Where did you first discover Bjarne Melgaard?
I have been conscious of Bjarne’s work for some time. However, it was his show at the ICA in London, with all its ambition and complexity that underscored his importance for me.
How does Bjarne fit in under Galerie Thaddaeus Ropac’s profile?
Galerie Thaddaeus Ropac represents a roster of artists from a range of backgrounds that cover various concepts and techniques; everything from Joseph Beuys to Antony Gormley to Bjarne himself. The Ropac programme is constantly evolving to incorporate young, active and, in Bjarne’s case, ‘radical’ artists. Displaying Bjarne’s work concurrently with that of Sturtevant, a similarly pioneering artist of her day, perfectly exemplifies the Ropac profile.
What can Bjarne, from your point of view, supply to the modern art scene?
It is Bjarne’s appetite for culture in the broadest sense and his engagement with a range of cultural forms from painting to fashion to literature, that makes him such a fascinating artist. It is remarkable to think that he has written 14 novels, and is incredibly active and respected on an international stage. His work exemplifies his engagement across art forms and across cultures.

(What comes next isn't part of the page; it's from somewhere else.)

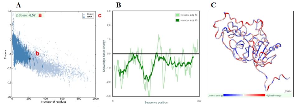 Fig. 5: Result of the PROSA web analysis. A. plot of Z-score, B. residue scores of a native protein structure, and C. visualization of molecules
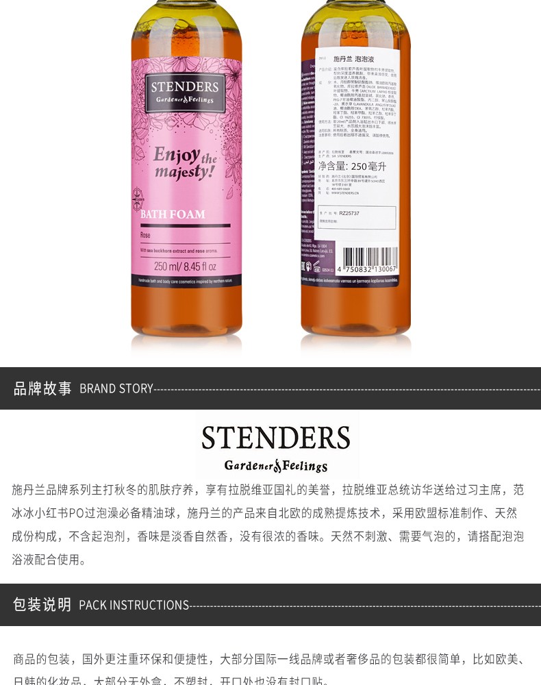 STENDERS/施丹兰 玫瑰泡泡浴液 250MLJPY带授权招加盟代理

Bjarne’s work is also incredibly intimate. The physical exhibition here in the London gallery Bodyparty (Substance Paintings) is an introspective body of work and Life Killed My Chihuahua, the virtual extension, is a digital insight into Bjarne’s practice presented via the gallery’s Instagram platform (@thaddaeusropac). There is a rare honesty in his art that, through this digital time capsule and its innovative curation, will leave a lasting impact on the art world whilst drawing intriguing connections between London and Oslo.
Which artist would you compare Melgaard to, here in the UK?
Bjarne’s vision is a singular one and like all artists his work is unique. England has many important artists and it is exciting to present Bjarne’s work in the context of London and in particular at the Galerie Thaddaeus Ropac, which is situated in the heart of the city.
Do you have any upcoming projects at the moment, or visions for new curator projects?
The work of the Gallery is incredibly varied and dynamic with an exciting year ahead. I shall be engaged on a range of projects and I am greatly looking forward to seeing how they will play out over the course of 2018.